Segment Start: Data for review
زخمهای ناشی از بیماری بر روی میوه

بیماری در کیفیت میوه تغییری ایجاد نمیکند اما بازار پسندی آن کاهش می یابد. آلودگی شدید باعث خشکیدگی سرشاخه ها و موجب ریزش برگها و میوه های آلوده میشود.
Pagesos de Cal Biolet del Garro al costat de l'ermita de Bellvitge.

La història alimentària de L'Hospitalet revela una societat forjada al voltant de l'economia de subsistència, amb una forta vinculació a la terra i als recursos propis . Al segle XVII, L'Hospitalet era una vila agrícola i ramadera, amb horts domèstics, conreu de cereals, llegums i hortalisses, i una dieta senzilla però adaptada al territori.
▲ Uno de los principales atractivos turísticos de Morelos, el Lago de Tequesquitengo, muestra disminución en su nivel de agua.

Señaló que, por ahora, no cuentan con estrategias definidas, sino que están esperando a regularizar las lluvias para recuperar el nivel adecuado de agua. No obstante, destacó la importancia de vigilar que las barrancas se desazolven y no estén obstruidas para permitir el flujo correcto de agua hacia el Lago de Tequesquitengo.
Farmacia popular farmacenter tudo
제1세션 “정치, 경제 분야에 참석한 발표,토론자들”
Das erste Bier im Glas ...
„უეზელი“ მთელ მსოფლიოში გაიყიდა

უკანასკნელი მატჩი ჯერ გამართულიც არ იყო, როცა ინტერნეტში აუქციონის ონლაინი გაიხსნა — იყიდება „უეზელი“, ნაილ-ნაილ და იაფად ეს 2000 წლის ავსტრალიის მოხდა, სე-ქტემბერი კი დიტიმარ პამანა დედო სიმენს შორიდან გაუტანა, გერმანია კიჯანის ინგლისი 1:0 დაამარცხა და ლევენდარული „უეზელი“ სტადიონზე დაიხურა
Segment End: Data for review
Segment Start: Data for review
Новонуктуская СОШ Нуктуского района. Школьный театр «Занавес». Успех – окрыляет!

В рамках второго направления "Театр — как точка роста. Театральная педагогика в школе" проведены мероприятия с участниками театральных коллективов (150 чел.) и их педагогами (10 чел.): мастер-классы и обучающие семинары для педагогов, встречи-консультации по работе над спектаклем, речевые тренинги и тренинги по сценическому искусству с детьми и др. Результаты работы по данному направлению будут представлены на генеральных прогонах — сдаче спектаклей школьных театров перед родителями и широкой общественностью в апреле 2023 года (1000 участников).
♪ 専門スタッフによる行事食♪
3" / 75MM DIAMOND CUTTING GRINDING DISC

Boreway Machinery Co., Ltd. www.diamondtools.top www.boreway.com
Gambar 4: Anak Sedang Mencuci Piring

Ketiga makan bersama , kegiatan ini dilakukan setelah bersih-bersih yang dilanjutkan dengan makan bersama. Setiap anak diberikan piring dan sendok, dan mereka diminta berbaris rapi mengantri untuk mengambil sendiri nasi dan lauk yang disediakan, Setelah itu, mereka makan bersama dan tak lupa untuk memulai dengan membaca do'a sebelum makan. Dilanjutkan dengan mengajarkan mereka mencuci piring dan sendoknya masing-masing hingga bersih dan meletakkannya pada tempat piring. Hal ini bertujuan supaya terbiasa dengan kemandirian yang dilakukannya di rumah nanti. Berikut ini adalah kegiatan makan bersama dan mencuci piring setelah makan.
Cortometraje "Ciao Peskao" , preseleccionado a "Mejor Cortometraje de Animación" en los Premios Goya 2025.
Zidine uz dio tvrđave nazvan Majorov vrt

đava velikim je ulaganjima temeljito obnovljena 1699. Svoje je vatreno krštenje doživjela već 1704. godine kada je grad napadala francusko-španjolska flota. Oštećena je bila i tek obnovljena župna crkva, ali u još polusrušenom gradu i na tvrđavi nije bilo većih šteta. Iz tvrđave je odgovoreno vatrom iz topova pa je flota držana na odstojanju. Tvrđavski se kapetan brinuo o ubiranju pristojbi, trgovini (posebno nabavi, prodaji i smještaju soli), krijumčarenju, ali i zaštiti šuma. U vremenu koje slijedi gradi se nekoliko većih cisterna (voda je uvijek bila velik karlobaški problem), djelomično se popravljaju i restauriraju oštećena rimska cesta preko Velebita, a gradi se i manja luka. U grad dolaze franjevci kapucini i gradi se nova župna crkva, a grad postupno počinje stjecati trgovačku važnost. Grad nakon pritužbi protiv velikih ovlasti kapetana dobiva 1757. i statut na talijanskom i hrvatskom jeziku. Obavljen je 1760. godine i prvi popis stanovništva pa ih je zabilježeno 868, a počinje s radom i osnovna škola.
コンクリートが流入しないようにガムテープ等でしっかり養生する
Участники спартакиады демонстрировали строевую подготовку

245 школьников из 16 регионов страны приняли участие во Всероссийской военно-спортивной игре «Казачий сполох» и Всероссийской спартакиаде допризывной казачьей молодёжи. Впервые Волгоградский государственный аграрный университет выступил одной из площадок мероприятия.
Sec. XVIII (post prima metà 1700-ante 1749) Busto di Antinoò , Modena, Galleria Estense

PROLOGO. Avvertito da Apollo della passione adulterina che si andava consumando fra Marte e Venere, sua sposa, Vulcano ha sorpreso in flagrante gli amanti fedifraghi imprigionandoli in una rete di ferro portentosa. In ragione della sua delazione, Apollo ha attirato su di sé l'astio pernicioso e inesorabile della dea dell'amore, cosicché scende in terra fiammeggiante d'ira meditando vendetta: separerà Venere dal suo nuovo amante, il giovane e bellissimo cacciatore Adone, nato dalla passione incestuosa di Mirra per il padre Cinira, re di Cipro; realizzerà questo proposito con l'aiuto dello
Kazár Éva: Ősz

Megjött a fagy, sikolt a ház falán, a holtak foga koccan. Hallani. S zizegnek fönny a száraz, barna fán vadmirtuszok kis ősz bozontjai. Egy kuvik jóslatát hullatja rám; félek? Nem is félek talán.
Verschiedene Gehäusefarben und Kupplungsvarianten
Segment End: Data for review
Segment Start: Data for review
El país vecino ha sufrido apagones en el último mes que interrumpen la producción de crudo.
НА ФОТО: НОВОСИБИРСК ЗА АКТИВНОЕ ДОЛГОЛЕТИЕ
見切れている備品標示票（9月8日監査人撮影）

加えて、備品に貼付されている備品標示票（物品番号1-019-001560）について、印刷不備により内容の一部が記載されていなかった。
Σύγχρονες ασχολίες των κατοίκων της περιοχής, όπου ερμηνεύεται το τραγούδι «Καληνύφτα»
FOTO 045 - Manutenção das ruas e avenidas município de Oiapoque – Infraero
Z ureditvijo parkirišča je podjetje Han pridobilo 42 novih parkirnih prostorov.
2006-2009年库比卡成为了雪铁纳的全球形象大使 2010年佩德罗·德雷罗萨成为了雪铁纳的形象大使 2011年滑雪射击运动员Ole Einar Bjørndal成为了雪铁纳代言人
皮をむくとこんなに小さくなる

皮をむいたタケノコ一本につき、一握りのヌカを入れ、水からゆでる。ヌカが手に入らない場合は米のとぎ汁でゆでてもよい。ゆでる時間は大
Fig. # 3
Segment End: Data for review
In the entries above, find the line with "Boreway Machinery Co., Ltd." and the line with "Gambar 4: Anak Sedang Mencuci Piring", then restate word for word both of them and every line between, with nothing more.

#### [Reply]
Boreway Machinery Co., Ltd. www.diamondtools.top www.boreway.com
Gambar 4: Anak Sedang Mencuci Piring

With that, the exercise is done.